Will is also interested in the piano and chess, which gives us many opportunities to spend time together. I coach him on the piano; he almost always gets the notes right, but keeping a steady rhythm is more difficult. After a fifteen to twenty minute session, I ask him to put the book away and just improvise, to use the piano freely and experiment with the possibilities of the entire keyboard. He loves this, and often produces pleasant melodies. The only condition I impose is that he has to keep his wrists up. When we play chess, he knows the key is to control the center of the board. I used to make deliberate mistakes to see if he would spot them and enjoy capturing another of my pieces. Now I have to concentrate on my own game, because he no longer needs any giveaways.

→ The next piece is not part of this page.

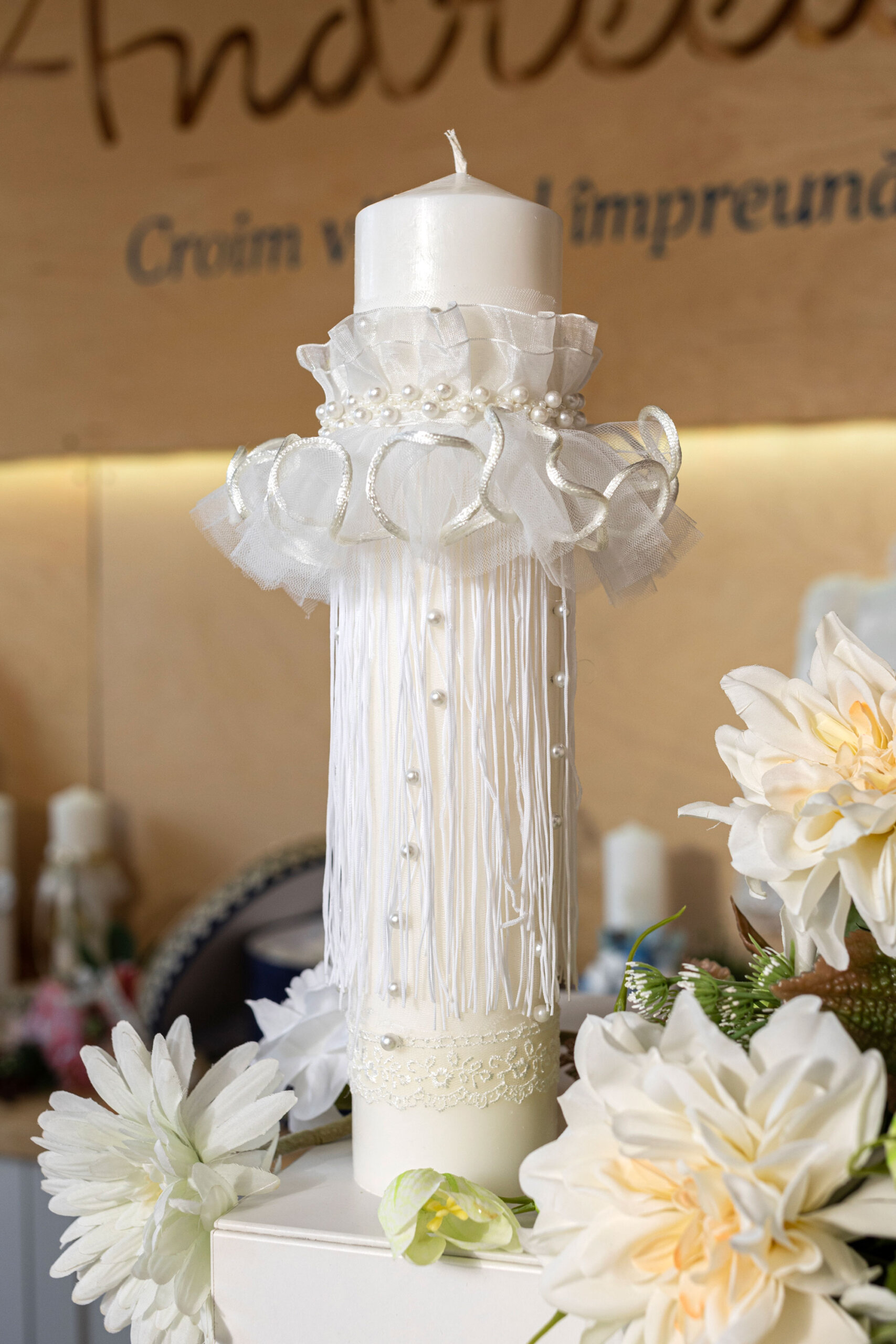 Lumânările pentru botez sunt special concepute pentru hăinuțele Andreeatex, lumânările sunt creații de serie mică și unicat. Tulluri diafane și jucăușe, culori pastelate, perluțe mici, toate aceste detalii creează un întreg tablou creativ al artistului făuritor de lumânări.

Dana spent much of the last year improving her already fantastic singing voice with Bill Schumer, one of the best coaches in the business. She performed at a number of benefits, and in September began rehearsals for a three character Broadway musical called More to Love. The star was Rob Bartlett, best known as Don Imus’s sidekick on his morning radio show. The director was my old friend and mentor Jack O’Brien, who had hired me for my season at the San Diego Shakespeare Festival and then recommended me for Juilliard.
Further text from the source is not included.